HOW TO COMPLETE THIS TASK >>
Repeat the listing word for word, but skip any pictures.

DATA PROVIDED >>
##############################

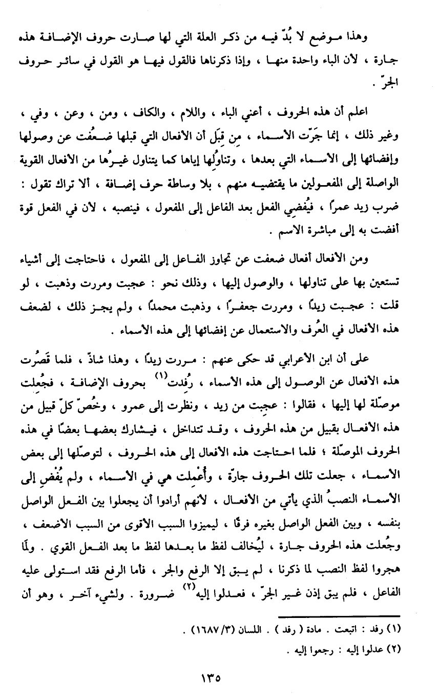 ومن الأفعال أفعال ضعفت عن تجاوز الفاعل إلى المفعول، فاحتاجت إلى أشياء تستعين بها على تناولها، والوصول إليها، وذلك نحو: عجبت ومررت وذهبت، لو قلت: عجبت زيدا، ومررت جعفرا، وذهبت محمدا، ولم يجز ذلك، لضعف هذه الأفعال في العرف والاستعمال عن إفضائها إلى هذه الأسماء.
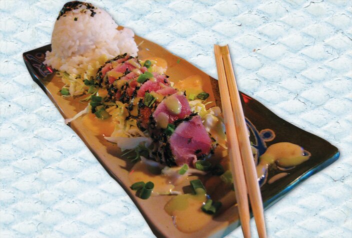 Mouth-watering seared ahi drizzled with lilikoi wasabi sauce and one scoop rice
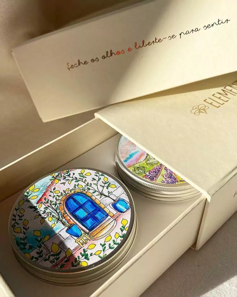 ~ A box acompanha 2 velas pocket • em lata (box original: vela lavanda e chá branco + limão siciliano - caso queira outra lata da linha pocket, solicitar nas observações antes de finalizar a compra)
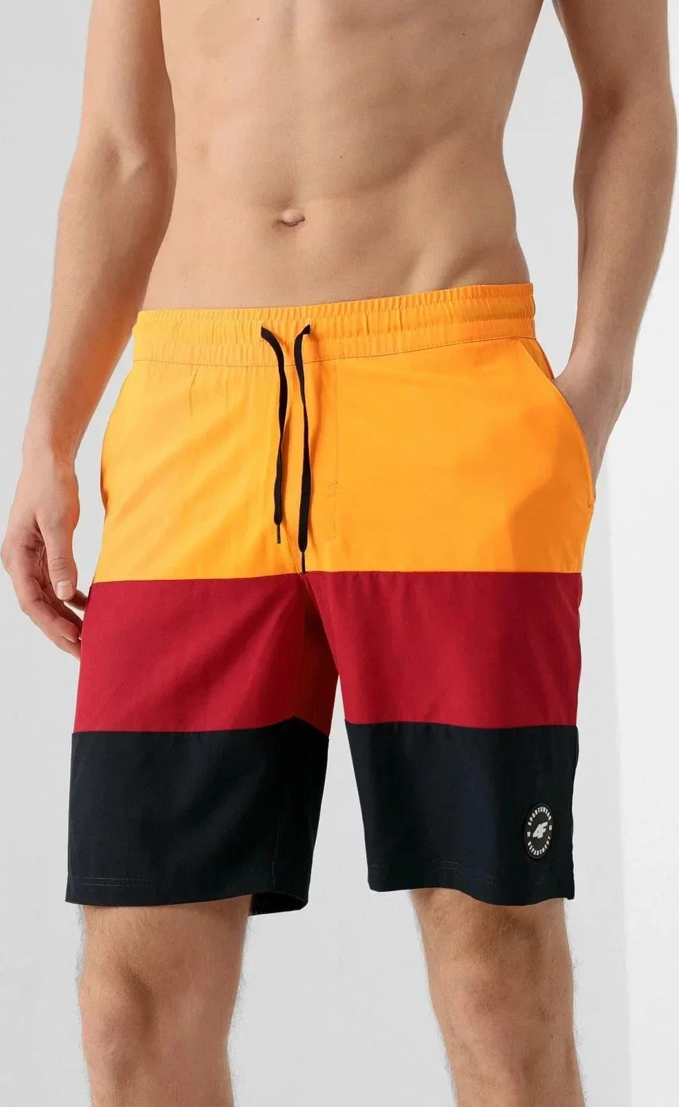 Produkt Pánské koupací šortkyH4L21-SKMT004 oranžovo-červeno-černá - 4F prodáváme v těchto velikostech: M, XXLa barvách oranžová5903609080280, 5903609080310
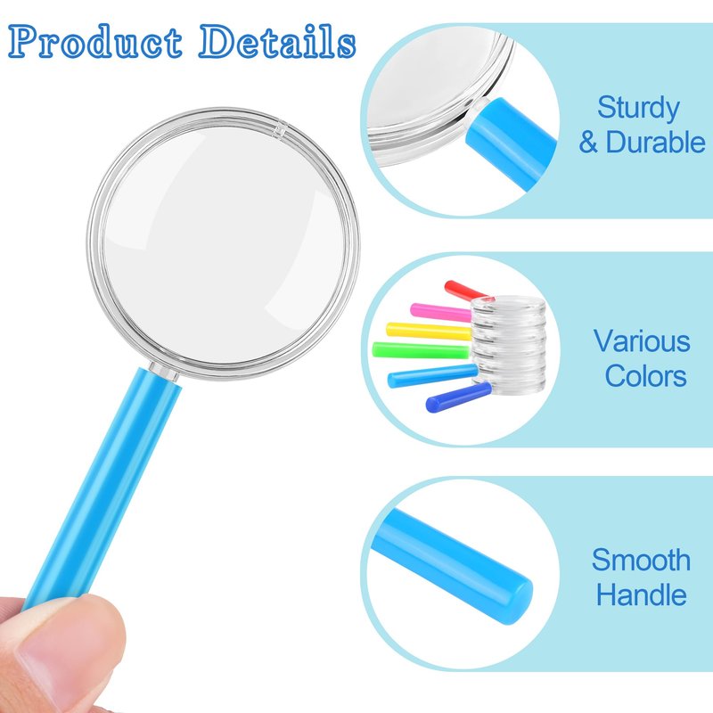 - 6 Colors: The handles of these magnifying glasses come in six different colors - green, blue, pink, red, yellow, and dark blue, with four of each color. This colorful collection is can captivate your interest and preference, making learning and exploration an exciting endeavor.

##############################

THE ANSWER >>
 ومن الأفعال أفعال ضعفت عن تجاوز الفاعل إلى المفعول، فاحتاجت إلى أشياء تستعين بها على تناولها، والوصول إليها، وذلك نحو: عجبت ومررت وذهبت، لو قلت: عجبت زيدا، ومررت جعفرا، وذهبت محمدا، ولم يجز ذلك، لضعف هذه الأفعال في العرف والاستعمال عن إفضائها إلى هذه الأسماء.
 Mouth-watering seared ahi drizzled with lilikoi wasabi sauce and one scoop rice
 ~ A box acompanha 2 velas pocket • em lata (box original: vela lavanda e chá branco + limão siciliano - caso queira outra lata da linha pocket, solicitar nas observações antes de finalizar a compra)
 Produkt Pánské koupací šortkyH4L21-SKMT004 oranžovo-červeno-černá - 4F prodáváme v těchto velikostech: M, XXLa barvách oranžová5903609080280, 5903609080310
 - 6 Colors: The handles of these magnifying glasses come in six different colors - green, blue, pink, red, yellow, and dark blue, with four of each color. This colorful collection is can captivate your interest and preference, making learning and exploration an exciting endeavor.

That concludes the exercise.